Détrompes-toi quand aux experts, ils seront plus présents que jamais même si on changera en quelque sorte de « mandarins ».
On a tendance à surévaluer le rôle des communautés par exemple sur le cas de la musique, les médias reprennent myspace et les blogs musicaux à tout tête, mais il y a des nouveaux critiques derrière cela qui ont donné un sens à ces scènes musicales, à tous ces genres qui montent en force (toute la scène indie par exemple, le post-rock, les nouvelles tendances en folk etc…). Les critiques classiques (c’est à dire des médias classiques) repompent sans trop se poser de question ces nouveaux influenceurs.

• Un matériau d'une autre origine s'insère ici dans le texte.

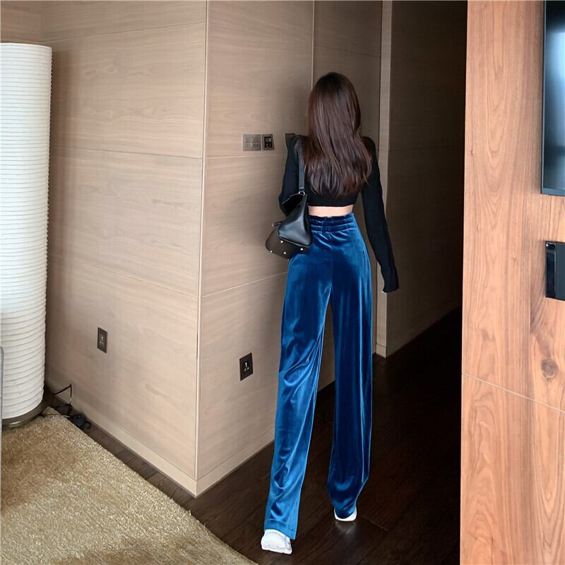 ベルベットパンツ ハイウェストウェストスリムルーズオータムウィンターブラック 秋物 冬物 ブラックストロベリース85667882726
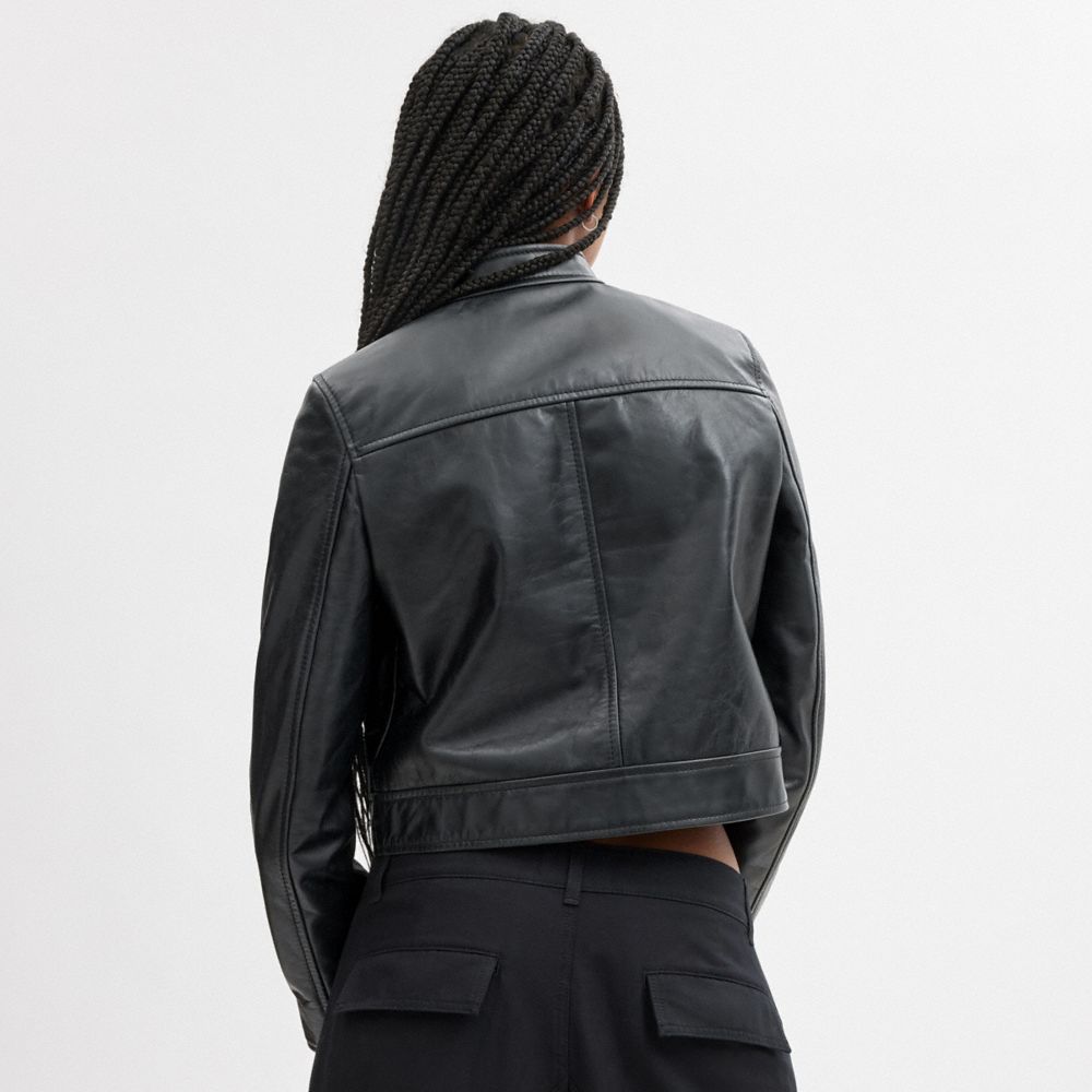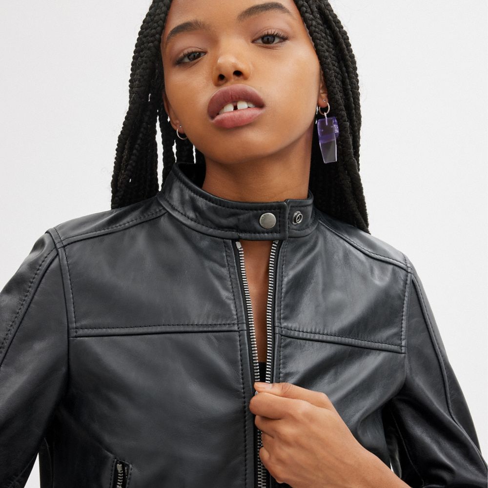 :: Coach Leather Racing Jacket Zwart | COH865928

Il y aura de nouveaux prescripteurs du livre non pas dans la forme (ça restera une critique) mais dans les valeurs attribuées au livre, traitant de l’expérience même de la lecture alors qu’elle embrasse la corne d’abondance qu’est le numérique.
Il y a un excellent article sur les fondements d’une nouvelle critique littéraire dans le Harper’s du mois d’Avril: http://www.harpers.org/archive/2007/04/0081479
L’auteur de l’article ne traite pas du tout du numérique, mais sa description d’une nouvelle forme de critique littéraire, qui à bien des égards ressemble à ce qui a pu se faire avec le passage à une critique musicale en ligne.